A la première nouvelle des intentions manifestées par le vice-roi d’Egypte, on a vu et on a répété de toutes parts que, si la rupture avait lieu, ce serait le casus fœderis prévu par les traités entre la Russie et la Porte ottomane. Cette conclusion a paru si évidente que déjà on annonce que le sultan adresse au cabinet de Pétersbourg une demande formelle de secours ; et dans la persuasion où l’on est que la Russie peut seule désirer une collision en Orient, on a imaginé des intrigues secrètes de cette puissance auprès de Méhémet-Ali, pour le provoquer à se déclarer indépendant. Je n’ajoute foi ni à l’un ni à l’autre de ces bruits, mais je vous les rapporte comme caractérisant parfaitement la situation. Eh bien ! le vrai motif est là.
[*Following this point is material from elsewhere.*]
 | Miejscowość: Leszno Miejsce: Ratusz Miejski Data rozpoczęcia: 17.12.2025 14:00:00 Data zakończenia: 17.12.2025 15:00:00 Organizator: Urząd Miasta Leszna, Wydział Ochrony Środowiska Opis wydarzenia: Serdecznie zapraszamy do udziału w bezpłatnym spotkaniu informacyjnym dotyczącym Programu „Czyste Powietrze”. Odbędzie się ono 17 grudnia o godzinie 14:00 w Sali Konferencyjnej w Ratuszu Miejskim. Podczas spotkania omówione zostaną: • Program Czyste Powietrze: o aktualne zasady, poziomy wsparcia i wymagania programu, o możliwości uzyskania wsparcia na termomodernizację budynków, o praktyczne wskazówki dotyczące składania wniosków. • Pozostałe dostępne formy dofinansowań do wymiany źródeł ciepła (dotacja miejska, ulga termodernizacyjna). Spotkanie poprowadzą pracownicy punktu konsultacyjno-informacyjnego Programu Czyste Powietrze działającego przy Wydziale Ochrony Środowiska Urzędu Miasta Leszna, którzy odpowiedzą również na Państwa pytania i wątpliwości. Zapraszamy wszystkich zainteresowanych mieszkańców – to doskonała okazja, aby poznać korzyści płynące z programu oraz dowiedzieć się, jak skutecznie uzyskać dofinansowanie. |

On ne veut pas, et on a raison de ne pas vouloir, que l’empereur Nicolas ait une nouvelle occasion de faire reprendre le chemin de Constantinople à son armée de la Bessarabie et à sa flotte de Sébastopol : c’est assez de l’expédition de 1832. Il s’agit de neutraliser, en le rendant inutile, ce traité d’Unkiar-Skelessi, contre lequel l’Angleterre et la France ont vainement protesté, et la meilleure de toutes les protestations, c’est de faire que le sultan n’ait pas besoin de l’invoquer. Mais si le vice-roi d’Egypte se déclare indépendant, la guerre paraît inévitable entre le sultan et lui, et la guerre entraînerait nécessairement une seconde intervention russe, que l’Angleterre, l’Autriche et la France veulent éviter par-dessus tout. Aussi ces trois puissances sont-elles d’accord pour exiger du cabinet d’Alexandrie le maintien du statu quo. Je crois même, entre nous, que la Russie, tout intéressée qu’on la suppose à une rupture en Orient, tiendra de bonne foi le même langage. La Russie ne précipite rien ; elle sait attendre ; et quelle que soit l’ardeur de son souverain, elle sent que la guerre de Circassie réclame la plus grande partie de ses forces.
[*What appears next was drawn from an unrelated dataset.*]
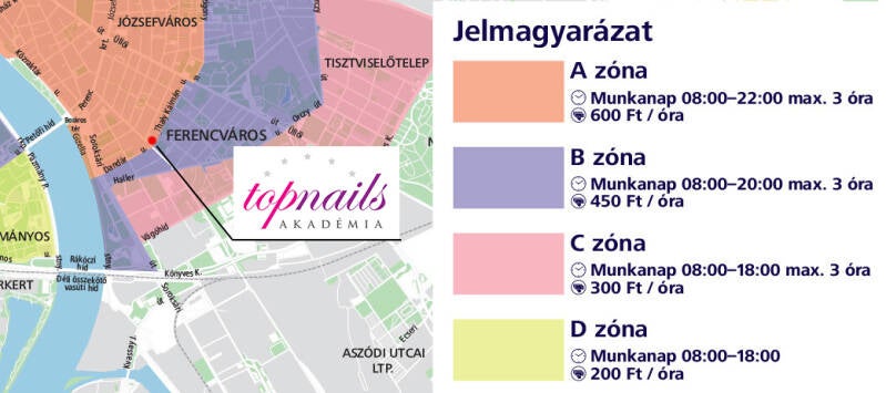 „A” várakozási övezetbe értendő: Dandár utca mindkét oldala – Thaly Kálmán utca mindkét oldala! Mester utca mindkét oldala (páros 2-54 páratlan1-35) a Thaly Kálmán/Dandár utcáig.

J’aurais voulu, monsieur, pouvoir, en terminant cette lettre, vous dire pourquoi, par quelles suggestions, à quel propos, Méhémet-Ali a parlé d’indépendance, il y a deux ou trois mois. C’est une question que vous vous êtes faite sans doute, et que je me suis adressée tout d’abord ; car je ne voyais, dans la sphère des intérêts de l’Orient, aucun événement grave et de nature à provoquer si tôt de sa part une pareille résolution. Aujourd’hui encore je ne saurais trop comment l’expliquer ; mais je soupçonne que le pacha s’est un peu laissé enivrer par l’enthousiasme des derniers voyageurs européens qui ont parcouru l’Egypte, le prince Puckler-Muskau et M. Bowring, ce dernier surtout. Déjà très lier de son rapprochement avec l’Angleterre, il aura mal interprété l’admiration que M. Bowring, membre du parlement, et chargé d’une mission du gouvernement anglais, a témoignée pour ses prodigieux travaux, et il se sera facilement persuadé que le cabinet de Saint-James ne mettrait plus d’obstacles au développement de son ambition, et que l’assentiment de l’Angleterre entraînerait celui de la France. Avec le caractère que l’on connaît à Méhémet-Ali, cette explication, que je n’avance pas au hasard est très plausible. Je ne vous la donne cependant, monsieur, que pour ce qu’elle vaut, et je me réserve de la modifier ou de la maintenir, selon que les indices qui m’ont conduit à l’adopter viendront à se fortifier ou à s’affaiblir. Comptez sur ma vigilance pour suivre toutes les phases de cette grande affaire.